Our next reserved tasting was the following day at Opus One Winery located in Oakville. Opus One is what I call a Cadillac label wine and is a name-dropping wine due to its price and cache.  Opus One is by appointment only – a basic tasting is $45 per glass and they only offer tastings of two vintages.  They have no wine club so forget about any discounts. We did a full winery tour that was $75 per person and included a tasting of a non-vintage blend and a glass of their 2013 Opus One.  The tour lasted about one hour.  Our tour guide started by taking us into their private lounge area that was reminscent of a French chateau living room with huge fireplace and paintings and gave us a small tasting of a blend with no vintage as it mixed several different vintages together.  She explained the history of Opus One which started in the late 1970’s and was a collaboration between Robert Mondavi and the famous French wine-making family – the Rothschilds.  Their sole purpose was to make a powerhouse Bordeaux style blend wine in California.  Opus One only makes one wine a year – their name label and that’s it. They plant 170 acres for this one wine and nothing else.

View from Opus One Winery
Opus One vineyards

After our initial discussion in the lounge, we received a tour of the production facility, the fermentation tank room and then the barrel room, where we heard all about how they make their wine and their aging process.  Frankly, I was surprised to learn that they do a secondary fermentation in the barrel and let it then barrel age for 18 months in all new French Oak with constant top-ups as the wine leaches into the barrel and also evaporates.  After that, they remove the wine from the barrel, rinse out the sediment and then return the wine to the same barrel for another 18 months of aging before finally bottling it.  Based on that alone, I knew I wasn’t going to be a huge fan of the wine and I was right.  It was way too bold, heavy, oaky, spicy and leathery for my taste. I think of it as a 1980’s style of wine making – it’s excessive in my opinion.  I know it’s a very expensive wine but if you don’t like it, you don’t like it and I won’t pretend that I think something is amazing if it’s not my thing.  However, the tour of the production facility and barrel room was very interesting and the winery itself is gorgeous – they spared no expense.

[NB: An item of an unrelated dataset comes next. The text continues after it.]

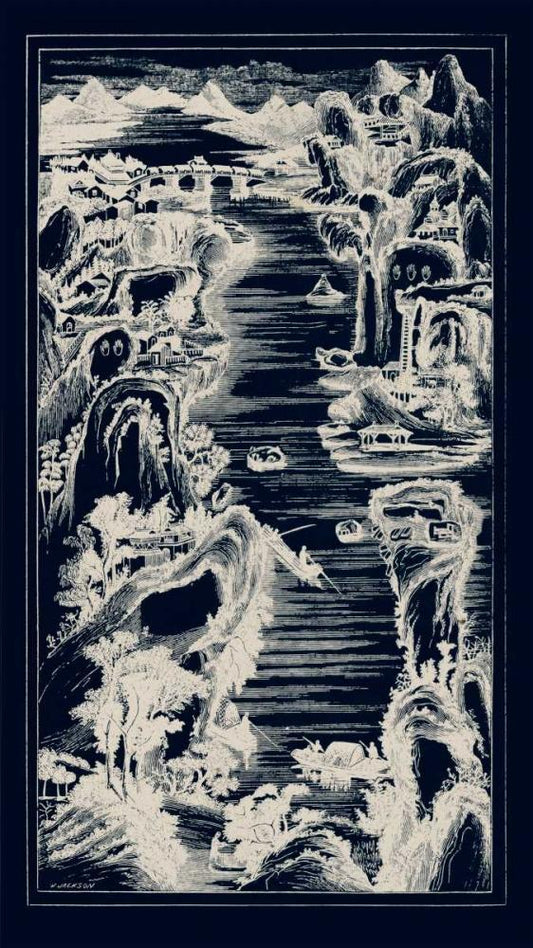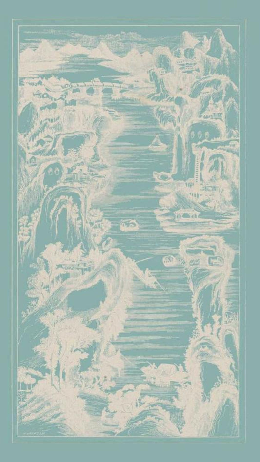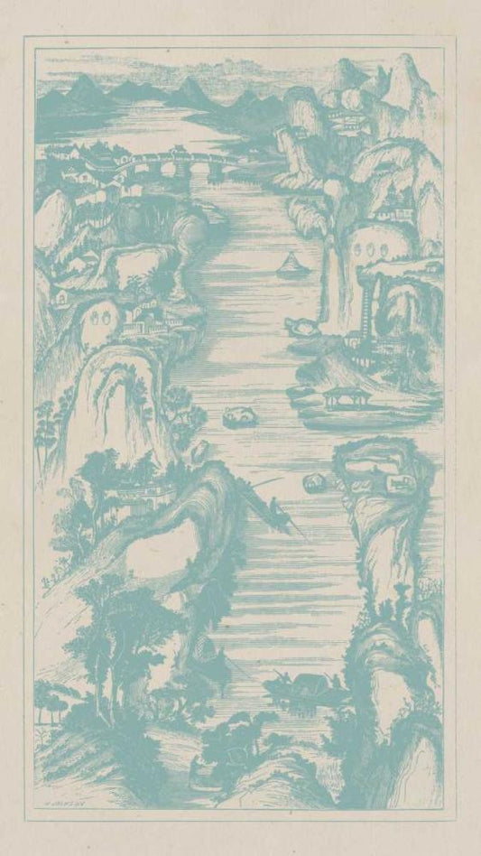 Chinese Birds-eye View in Navy I White Modern Wood Framed Art Print with Double Matting by Vision Studio

Fermentation tanks at Opus One
Barrel Room at Opus One – all new French Oak barrels that only get used once

We also did two walk-in tastings during our short stay in the valley.  We stopped into Rutherford Hills Winery, which did not impress me.  I found their wines to be very blah (and I upgraded to the premium tasting at $40) and the wine pourer couldn’t answer many of my questions regarding their wine making process and aging process.  He was very nice but pretty clueless.  Our last day we swung into Silver Oak after we finished at Opus One and I really enjoyed their tasting, which consisted of 3 different red wines – 2 cabernet blends and one 100% cabernet. I found all 3 wines to be delicious and well balanced.  Definitely a stop worth making at Silver Oak which also has a beautiful facility resembling a European style castle.

View of vineyards in the valley

When you visit Napa, be sure to check the online information of any individual wineries you want to visit to confirm whether or not you need an appointment.  My recommendation would be to set up one or two appointments as the private tastings are great experiences but you don’t want to over schedule yourself and feel like you’re rushing from winery to winery.